# Dataset extract:
============================================================

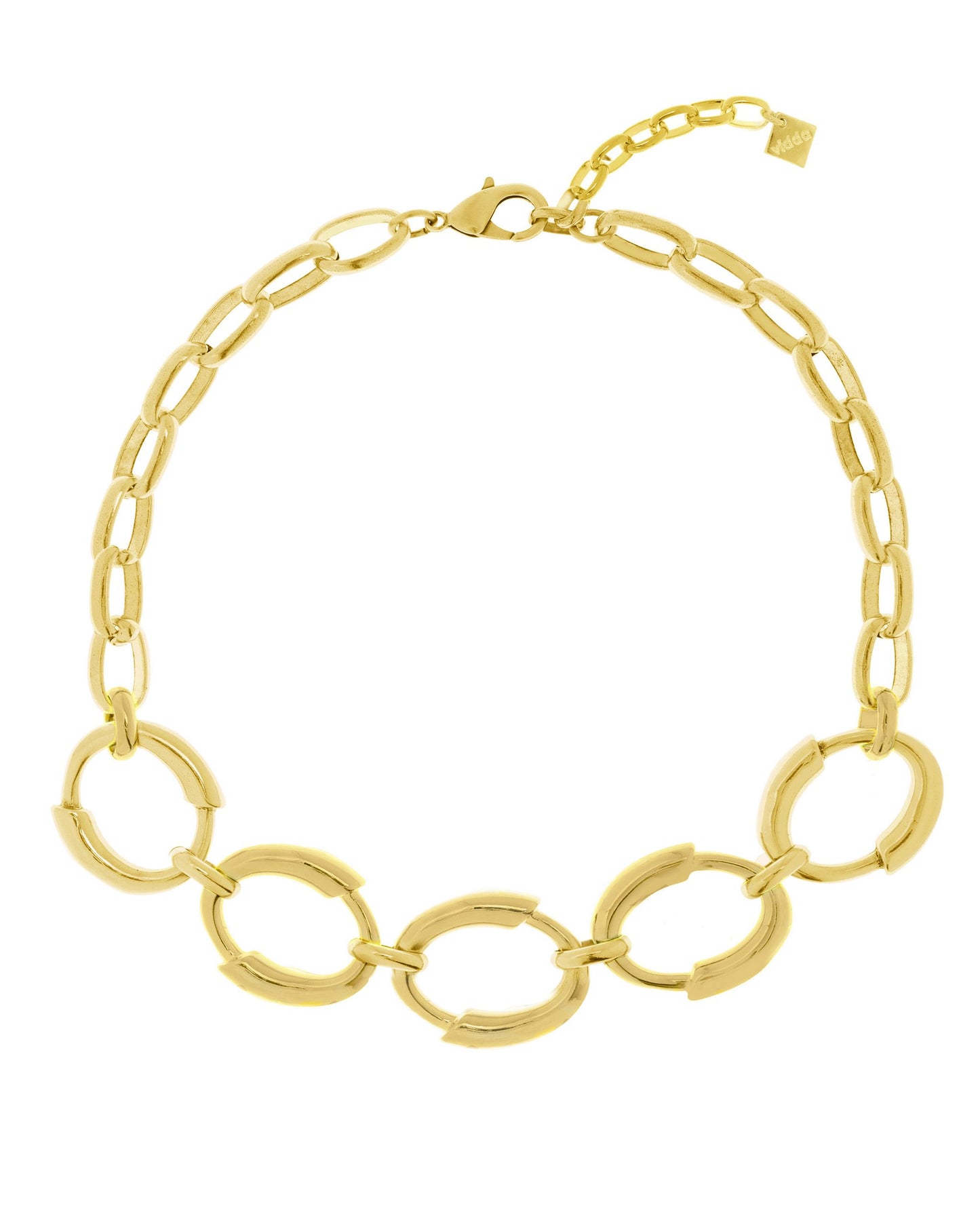 Collar corto de cadena con cinco eslabones circulares en la parte frontal, cada uno formado por dos elementos tubulares curvados.
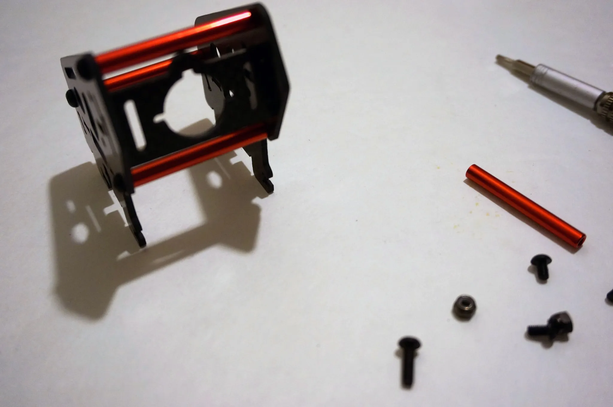 A proper hex driver set. You’ll need something that fits a 2.0mm hex socket head. I broke two right angle allen wrenches trying to screw the carbon plate to the plastic pieces of the quad-copter frame.
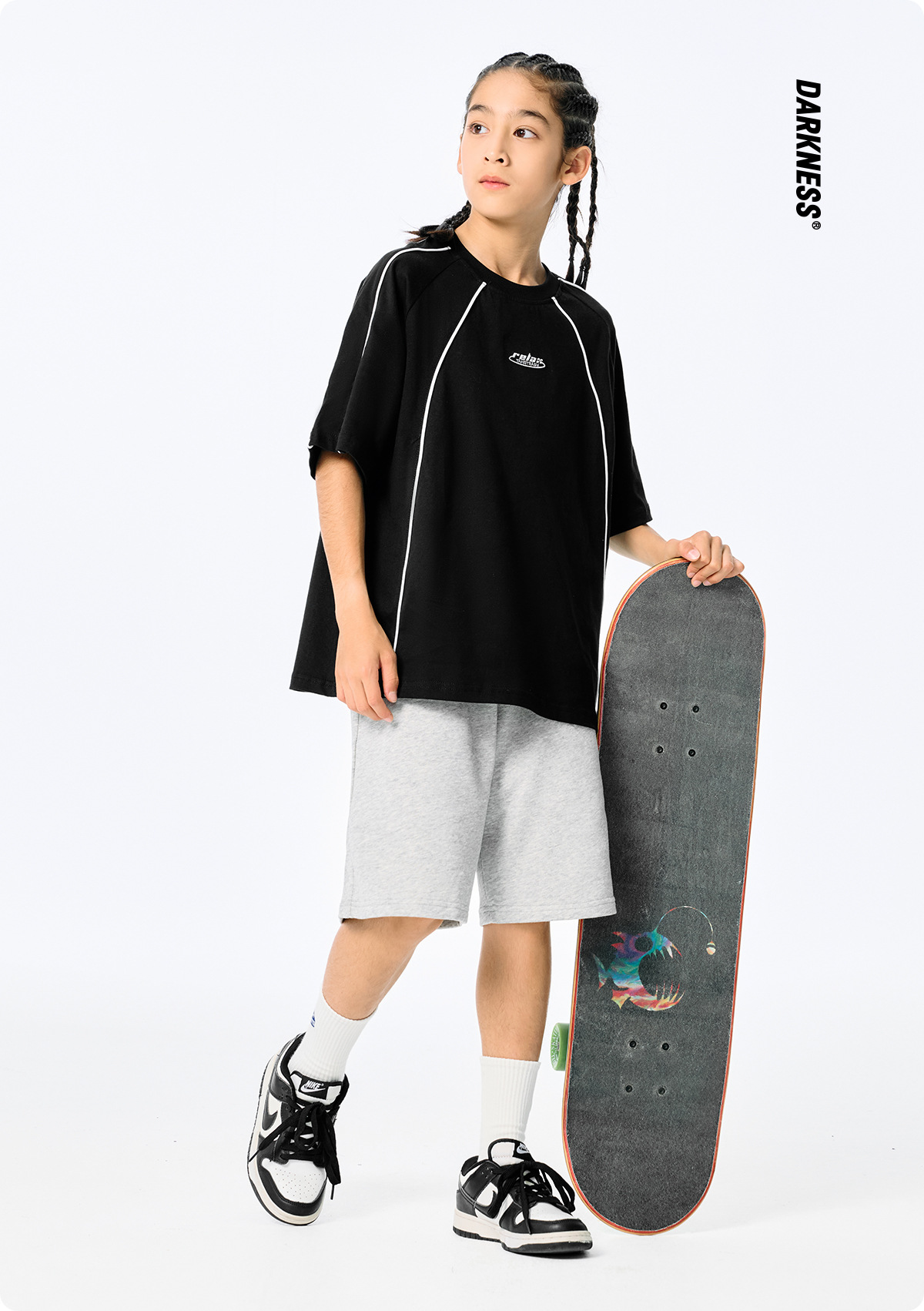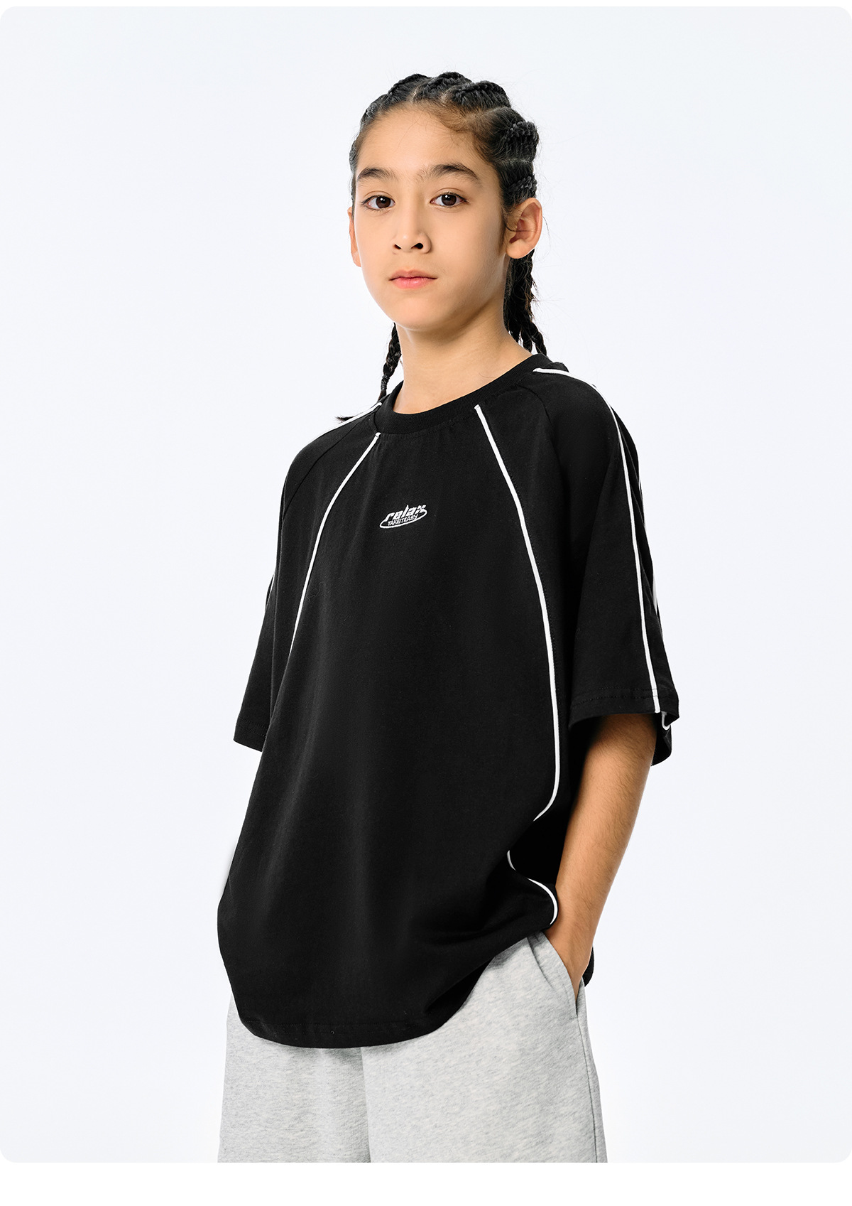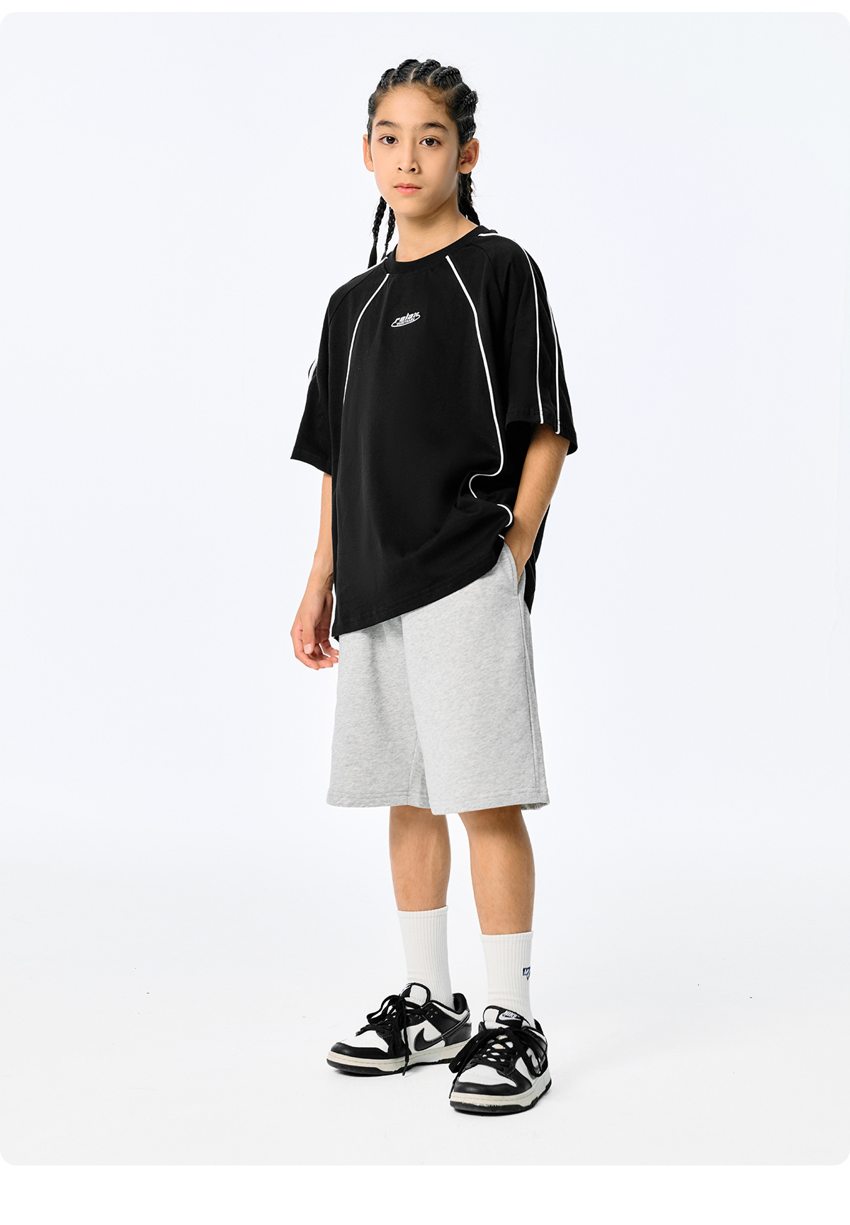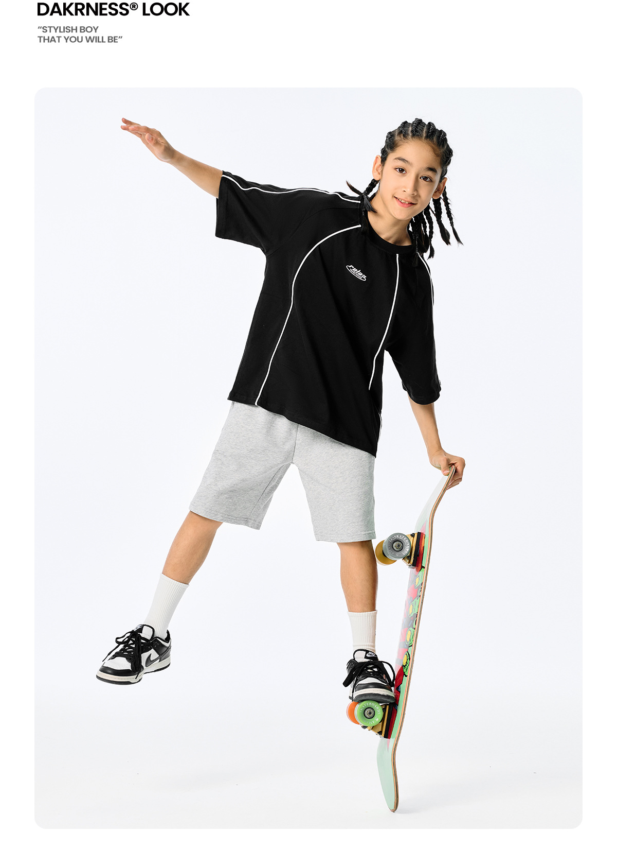 DK 아동복 26 여름 레트로 스포츠 남아 여아 레터링 반팔 티셔츠 아동용 중대형 아동용 미국 스타일 상의

============================================================

# Exercise goal:
Transcribe all of the listing precisely. The images stay out of it.

# Response below:
 Collar corto de cadena con cinco eslabones circulares en la parte frontal, cada uno formado por dos elementos tubulares curvados.
 A proper hex driver set. You’ll need something that fits a 2.0mm hex socket head. I broke two right angle allen wrenches trying to screw the carbon plate to the plastic pieces of the quad-copter frame.
 DK 아동복 26 여름 레트로 스포츠 남아 여아 레터링 반팔 티셔츠 아동용 중대형 아동용 미국 스타일 상의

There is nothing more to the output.